* **INSTRUCTIONS TO FOLLOW**
Reproduce the section of the listing that begins at the line containing "Cette carte postale de" and finishes at the line containing "Hier wohnen Sie". Include both end lines and nothing beyond them.

* **DATA FOR THIS TASK**
↓↓↓

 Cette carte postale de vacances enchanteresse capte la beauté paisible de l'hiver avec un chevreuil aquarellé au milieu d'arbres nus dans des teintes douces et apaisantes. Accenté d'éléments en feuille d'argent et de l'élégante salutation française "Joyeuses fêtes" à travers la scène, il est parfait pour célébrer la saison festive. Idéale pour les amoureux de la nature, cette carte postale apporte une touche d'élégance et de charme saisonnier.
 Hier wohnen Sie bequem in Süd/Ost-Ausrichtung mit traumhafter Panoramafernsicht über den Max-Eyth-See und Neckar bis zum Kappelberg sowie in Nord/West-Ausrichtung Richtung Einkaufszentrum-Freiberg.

↑↑↑
↓↓↓

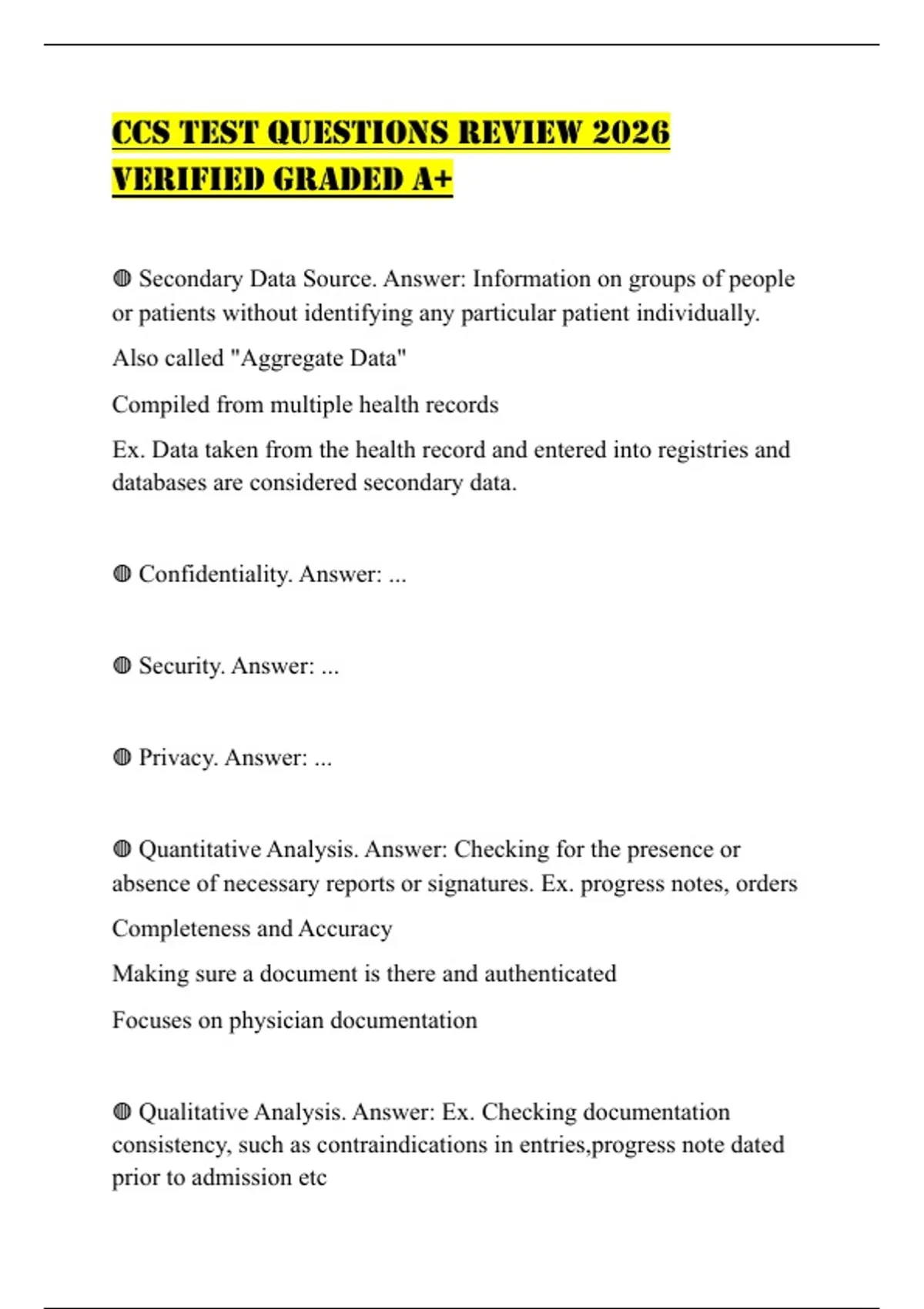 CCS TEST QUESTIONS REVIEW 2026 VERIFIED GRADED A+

↑↑↑
↓↓↓

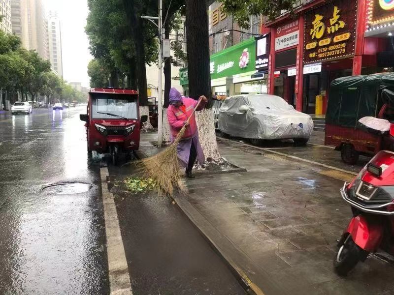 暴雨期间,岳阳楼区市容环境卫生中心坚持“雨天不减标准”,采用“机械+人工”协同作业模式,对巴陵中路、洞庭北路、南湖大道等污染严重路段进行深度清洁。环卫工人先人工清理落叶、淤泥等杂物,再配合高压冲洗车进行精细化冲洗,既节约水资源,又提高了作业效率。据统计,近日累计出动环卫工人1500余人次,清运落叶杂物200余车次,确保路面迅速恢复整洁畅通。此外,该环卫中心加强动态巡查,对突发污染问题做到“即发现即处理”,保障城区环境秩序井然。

↑↑↑

* **YOUR RESPONSE**
 Cette carte postale de vacances enchanteresse capte la beauté paisible de l'hiver avec un chevreuil aquarellé au milieu d'arbres nus dans des teintes douces et apaisantes. Accenté d'éléments en feuille d'argent et de l'élégante salutation française "Joyeuses fêtes" à travers la scène, il est parfait pour célébrer la saison festive. Idéale pour les amoureux de la nature, cette carte postale apporte une touche d'élégance et de charme saisonnier.
 Hier wohnen Sie bequem in Süd/Ost-Ausrichtung mit traumhafter Panoramafernsicht über den Max-Eyth-See und Neckar bis zum Kappelberg sowie in Nord/West-Ausrichtung Richtung Einkaufszentrum-Freiberg.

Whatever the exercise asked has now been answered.